Ards Forest Park is a park in County Donegal, Ireland. Located on the Ards Peninsula, the forest park is managed by Coillte. It is approximately 480 ha in area.

== History and location ==
The forest park is situated on the small Ards Peninsula. It sits on the shores of Sheephaven Bay on the northern coastline of County Donegal, Ireland. It's to be found on the N56 road, between Creeslough and Dunfanaghy. Ards Forest Park was formerly part of the Ards Estate, a country estate purchased by Alexander Stewart in the 1780s. The Ards Estate, centered on Ards House (demolished in the early 1960s), was owned by the Stewart family up until the early 1930s. The last member of the Stewart family to own the estate was Lady Ena Stewart-Bam, who inherited from her grandfather around 1904. She was the wife of Lt. Col. Sir Pieter C. van B. Stewart-Bam, Kt., O.B.E., a South African soldier, politician and businessman whom she married in 1910. The forest park is now owned by Coillte, a state body.

== Sights and walks ==
Today, the forest park is approximately 480 hectares in area and contains a range of wildlife and plants, as well as the remains of four ringforts and a number of megalithic tombs.
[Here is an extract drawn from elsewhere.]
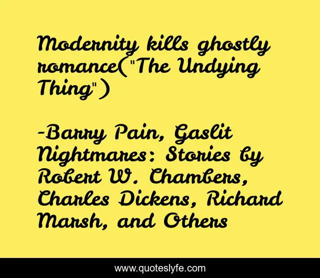 "Barry Pain, Gaslit Nightmares: Stories by Robert W. Chambers, Charles Dickens, Richard Marsh, and Others Quotes." Quoteslyfe.com, 2025. Mon. 08 Dec. 2025. <https://www.quoteslyfe.com/quote/Modernity-kills-ghostly-romance-The-Undying-Thing-132482>.

According to legend, these tombs were the beds of Diarmuid and Gráinne in their flight from Fionn Mac Cumhaill.

The forest park has a number of signposted walks which pass the main features of the park. These include the Ards Heritage Trail, which is around 3.5 km long, the Nature Trail and the Green Trail, which are both approximately 3 km long, and the Red Trail, which is 13 km long, though this walk does give provisions for a short-cut back to the starting point should it be needed. There are several viewing points on these trails.

The Ards Heritage Trail passes a well called the Ague Well. This reputed holy well is associated with a number of stories of remedial powers. Also nearby is a Mass rock where mass was celebrated in defiance of the Penal Laws.

The forest park also has a picnic and children's play area and a snack outlet.

==Nearby==
Just outside the forest park, at Ballymore on its northern border, is Clondehorky parish church, a Church of Ireland church built in the Georgian style in the mid-18th-century. This church may have been designed by Micheal Priestly. Directly opposite the church's main gate is Ballymore Arch, built for the Stewart family in the 19th-century to improve access from the church to Ards House, which was several miles distant at the edge of the small Ards Peninsula.